=== Section Start ===

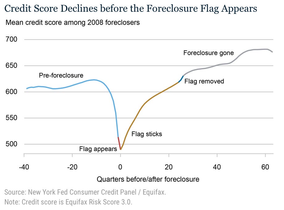 The period of delinquency before the foreclosure starts results in a 150-point credit score drop on average and with an average score falling below 500; the addition of the flag itself is associated only with a small additional decline in the score. The average credit score steadily improves from that point as the foreclosure note ages, eventually increasing by an additional average of 20 points when the foreclosure note drops off.
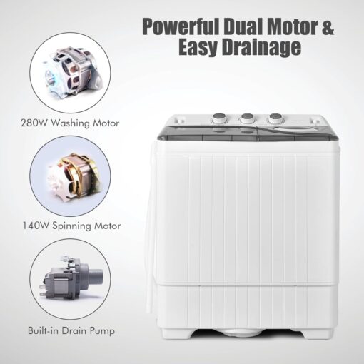 - [Durable Motor] Thanks to the powerful motor, you can wash your clothes quickly and efficiently. It runs quietly without disturbing the neighbors. 280W washing power and 140W spin power ensure continuous output and prolonged durability.
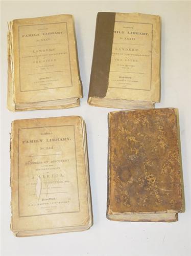 TRAVEL. A Group of 4 Volumes as Listed. 16mo - over 5¾" - 6¾" tall. Hard Cover. Ex-Library. Fair to Good Condition. ***A Pocket Gazatteer, or Traveller's Guide Through North America and the West Indies by Bishop Davenport (1838) Baltimore: Cushing & Sons. 468pp bound in leather with gilt decorated spine. Occasional foxing, binding tight. ***Progress of Discovery on the More Northern Coasts of America (1833) NY: J. & J. Harper. Complete with MAP (2 small tears), all plates & illustrations. Original cloth binding. Occasional foxing, front cover detached, cover worn, back hinge taped, lacks upper portion of backstrip. Binding tight, includes publisher ads. ***Journal of an Expedition to Explore the Course and Termination of the Niger: With a Narrative of a Voyage Down That River to Its Termination - 2 Volumes by Richard and John Lander. Complete with MAPS & PLATES. Folding map has a tear. Bound in original cloth, covers worn, one back cover detached, cloth over backstrips, bindings tight, includes publisher ads.
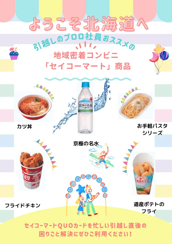 当社引越し作業員がお勧めする北海道発のコンビニエンスストア「セイコーマート」の商品案内と、セイコーマート限定デザインQUOカードを提供します。人口カバー率99.8%の北海道地域密型コンビニを知って利用してもらうことで、忙しい子育て世帯に転居直後も不安なく北海道での生活を始めてもらう取り組みです。
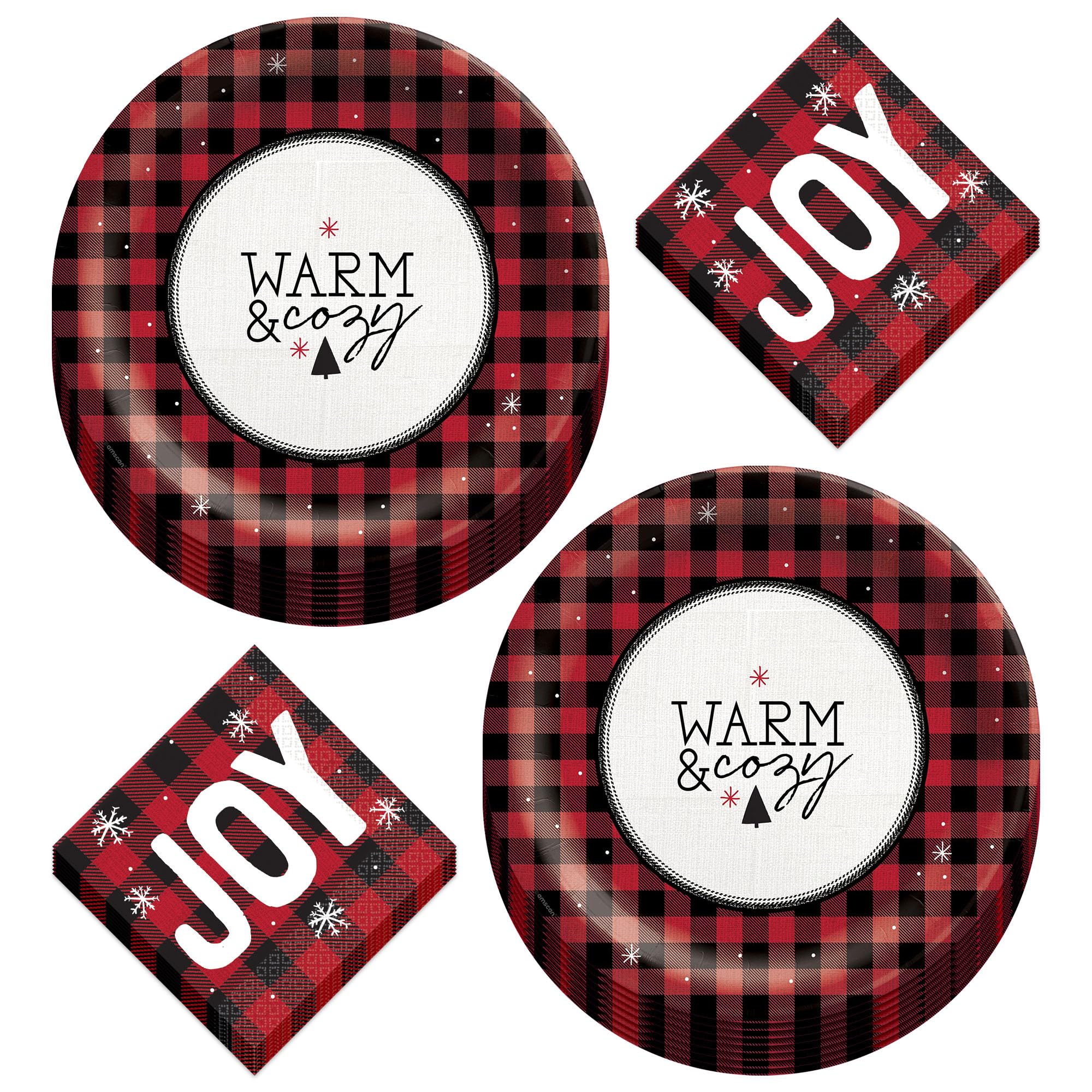 - Create a cozy tablescape with red & black buffalo plaid accents with "Warm & Cozy" plates and "Happy Holidays" napkins.
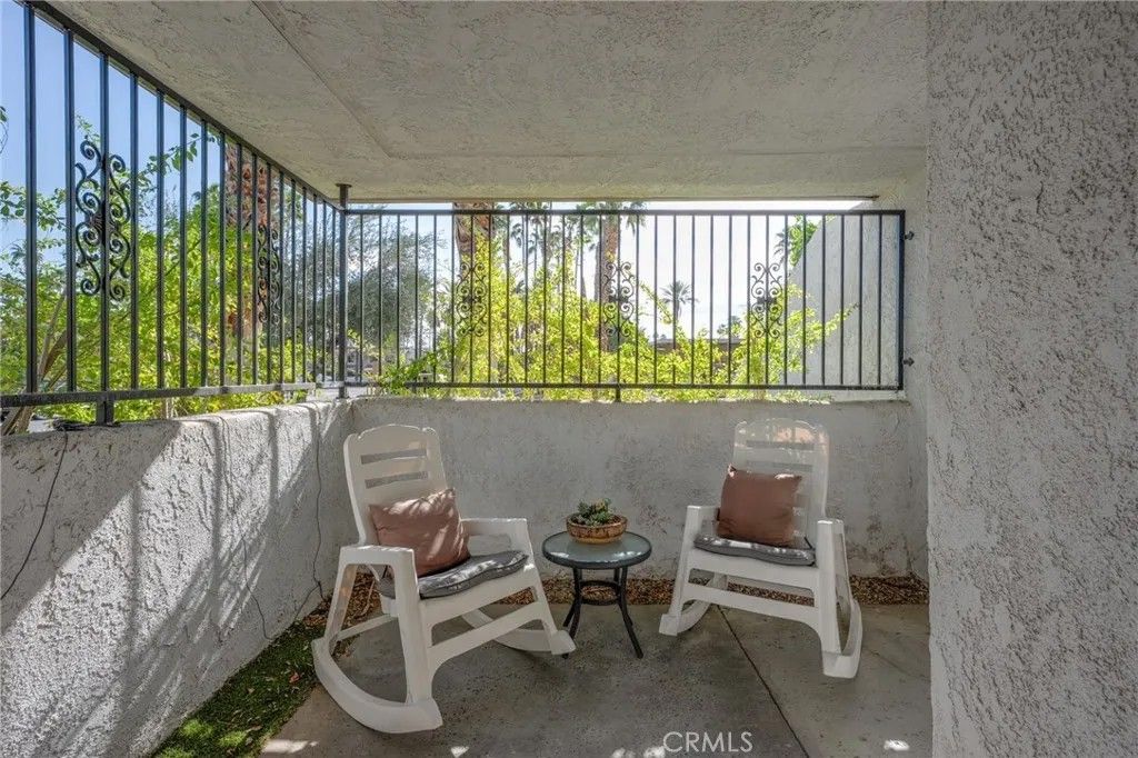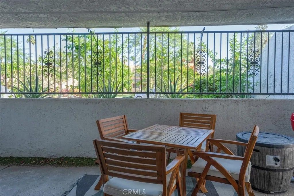 Experience effortless desert living in this impeccably maintained, fully furnished 2-bedroom, 2-bath ground-floor residence. Ideally positioned as a private end unit within a serene community, this home offers both tranquility and an expansive wraparound patioperfect for seamless indoor-outdoor living. Inside, the residence has been thoughtfully updated with quality finishes throughout. The remodeled kitchen features sleek quartz countertops, custom cabinetry, and stainless steel appliances. Both bathrooms have been tastefully upgraded with ample storage and a clean, modern design. Natural light fills the space through plantation shutters and an energy-efficient Vertiglide shade, while dual-pane windows enhance comfort and quiet. A full-size Samsung washer and dryer add everyday convenience. Residents enjoy access to four pools and spas, as well as tennis and pickleball courts, all set alongside a beautifully maintained golf course. Assigned covered parking is included, and nearby shopping, dining, and cafes are just a short distance away. This pet-friendly community permits short-term rentals with a 5-day minimum. HOA dues include water, trash, and grounds maintenance. Conveniently located near Tahquitz Creek Golf Resort with easy access to all that Palm Springs has to offer.
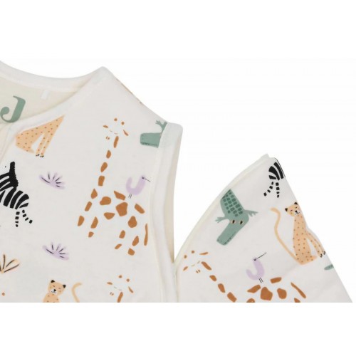 Spalna vreča s snemljivimi rokavi Jungle Jambo z zabavnim motivom simpatičnih afriških živali, je izjemno mehka in zelo udobna za spanje.
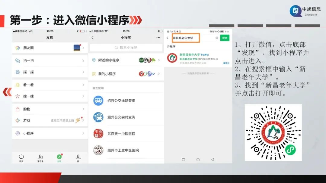 請在微信小程序搜索“新昌老年大學”或掃描下方二維碼,新學員點擊“立即注冊”先完成信息注冊再登錄報名,老學員直接輸入姓名和身份證號碼登錄報名。
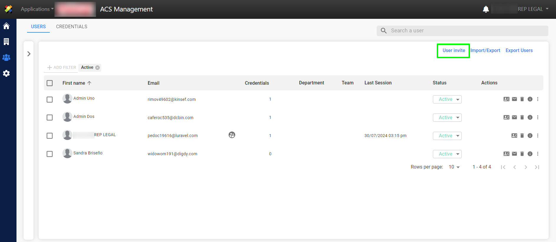 2. Click the “Invite User” button.
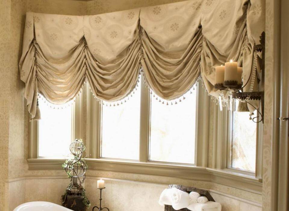 Если окно имеет неправильные пропорции, некрасивую раму – эти недостатки при декорировании следует замаскировать. Низкую и широкую конструкцию можно скрыть, если каждая из штор с драпировкой будет частично заходить на прилегающую стену.
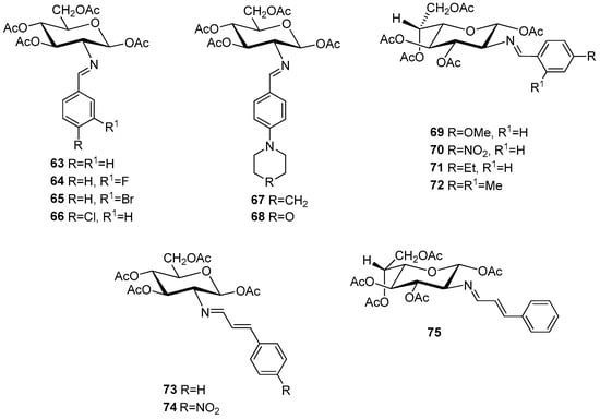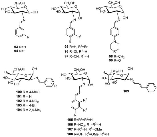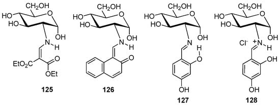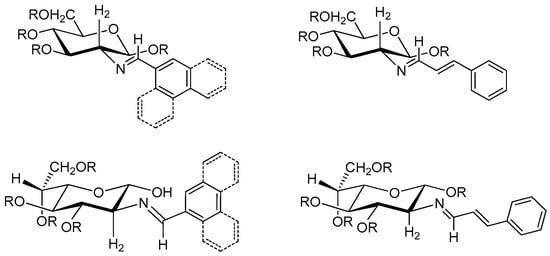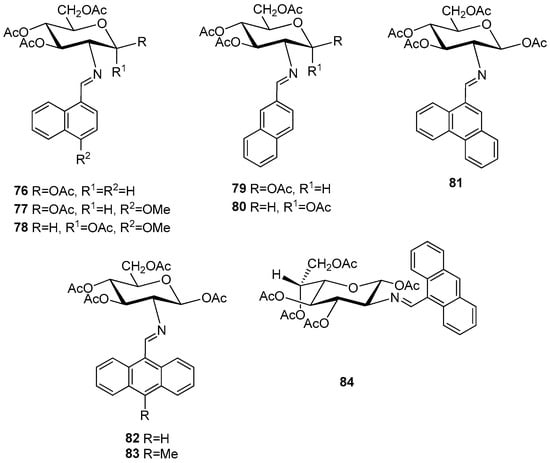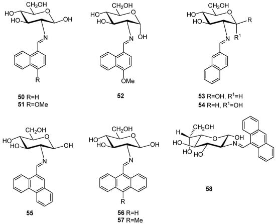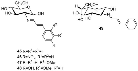 By using the cinnamylidene aldehydes 19–22, the corresponding β-anomers of Schiff bases 45–49 could be obtained as well (Chart 4). Compounds 45 [19], 46 [20], and 48 [20] were previously described.
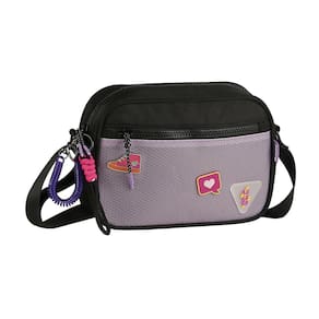 Características: - Confeccionada em nylon com detalhe em material telado - Alça acetinada - Zíper tratorado - Banho de metal preto - Puxadores de corda - Acompanha chaveiro de cadarços e molinha - Forro de poá
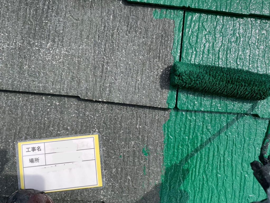 スレートのひび割れをシーリングで補修したり、棟板金の錆をケレンで落としたりする工程です。ここを飛ばすと仕上がりが長持ちしません。屋根の傷み具合によって時間が変わります。
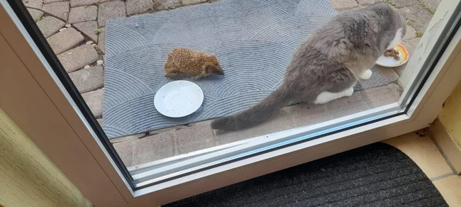 25. My mom has been caring for the neighbor's cat for a long time, and recently started feeding the hedgehog too.

=== Section End ===

Problem to solve:
Images must not appear in the copy; reproduce everything else in the records verbatim.

Reply to the task:
 The period of delinquency before the foreclosure starts results in a 150-point credit score drop on average and with an average score falling below 500; the addition of the flag itself is associated only with a small additional decline in the score. The average credit score steadily improves from that point as the foreclosure note ages, eventually increasing by an additional average of 20 points when the foreclosure note drops off.
 - [Durable Motor] Thanks to the powerful motor, you can wash your clothes quickly and efficiently. It runs quietly without disturbing the neighbors. 280W washing power and 140W spin power ensure continuous output and prolonged durability.
 TRAVEL. A Group of 4 Volumes as Listed. 16mo - over 5¾" - 6¾" tall. Hard Cover. Ex-Library. Fair to Good Condition. ***A Pocket Gazatteer, or Traveller's Guide Through North America and the West Indies by Bishop Davenport (1838) Baltimore: Cushing & Sons. 468pp bound in leather with gilt decorated spine. Occasional foxing, binding tight. ***Progress of Discovery on the More Northern Coasts of America (1833) NY: J. & J. Harper. Complete with MAP (2 small tears), all plates & illustrations. Original cloth binding. Occasional foxing, front cover detached, cover worn, back hinge taped, lacks upper portion of backstrip. Binding tight, includes publisher ads. ***Journal of an Expedition to Explore the Course and Termination of the Niger: With a Narrative of a Voyage Down That River to Its Termination - 2 Volumes by Richard and John Lander. Complete with MAPS & PLATES. Folding map has a tear. Bound in original cloth, covers worn, one back cover detached, cloth over backstrips, bindings tight, includes publisher ads.
 当社引越し作業員がお勧めする北海道発のコンビニエンスストア「セイコーマート」の商品案内と、セイコーマート限定デザインQUOカードを提供します。人口カバー率99.8%の北海道地域密型コンビニを知って利用してもらうことで、忙しい子育て世帯に転居直後も不安なく北海道での生活を始めてもらう取り組みです。
 - Create a cozy tablescape with red & black buffalo plaid accents with "Warm & Cozy" plates and "Happy Holidays" napkins.
 Experience effortless desert living in this impeccably maintained, fully furnished 2-bedroom, 2-bath ground-floor residence. Ideally positioned as a private end unit within a serene community, this home offers both tranquility and an expansive wraparound patioperfect for seamless indoor-outdoor living. Inside, the residence has been thoughtfully updated with quality finishes throughout. The remodeled kitchen features sleek quartz countertops, custom cabinetry, and stainless steel appliances. Both bathrooms have been tastefully upgraded with ample storage and a clean, modern design. Natural light fills the space through plantation shutters and an energy-efficient Vertiglide shade, while dual-pane windows enhance comfort and quiet. A full-size Samsung washer and dryer add everyday convenience. Residents enjoy access to four pools and spas, as well as tennis and pickleball courts, all set alongside a beautifully maintained golf course. Assigned covered parking is included, and nearby shopping, dining, and cafes are just a short distance away. This pet-friendly community permits short-term rentals with a 5-day minimum. HOA dues include water, trash, and grounds maintenance. Conveniently located near Tahquitz Creek Golf Resort with easy access to all that Palm Springs has to offer.
 Spalna vreča s snemljivimi rokavi Jungle Jambo z zabavnim motivom simpatičnih afriških živali, je izjemno mehka in zelo udobna za spanje.
 請在微信小程序搜索“新昌老年大學”或掃描下方二維碼,新學員點擊“立即注冊”先完成信息注冊再登錄報名,老學員直接輸入姓名和身份證號碼登錄報名。
 2. Click the “Invite User” button.
 Если окно имеет неправильные пропорции, некрасивую раму – эти недостатки при декорировании следует замаскировать. Низкую и широкую конструкцию можно скрыть, если каждая из штор с драпировкой будет частично заходить на прилегающую стену.
 By using the cinnamylidene aldehydes 19–22, the corresponding β-anomers of Schiff bases 45–49 could be obtained as well (Chart 4). Compounds 45 [19], 46 [20], and 48 [20] were previously described.
 Características: - Confeccionada em nylon com detalhe em material telado - Alça acetinada - Zíper tratorado - Banho de metal preto - Puxadores de corda - Acompanha chaveiro de cadarços e molinha - Forro de poá
 スレートのひび割れをシーリングで補修したり、棟板金の錆をケレンで落としたりする工程です。ここを飛ばすと仕上がりが長持ちしません。屋根の傷み具合によって時間が変わります。
 25. My mom has been caring for the neighbor's cat for a long time, and recently started feeding the hedgehog too.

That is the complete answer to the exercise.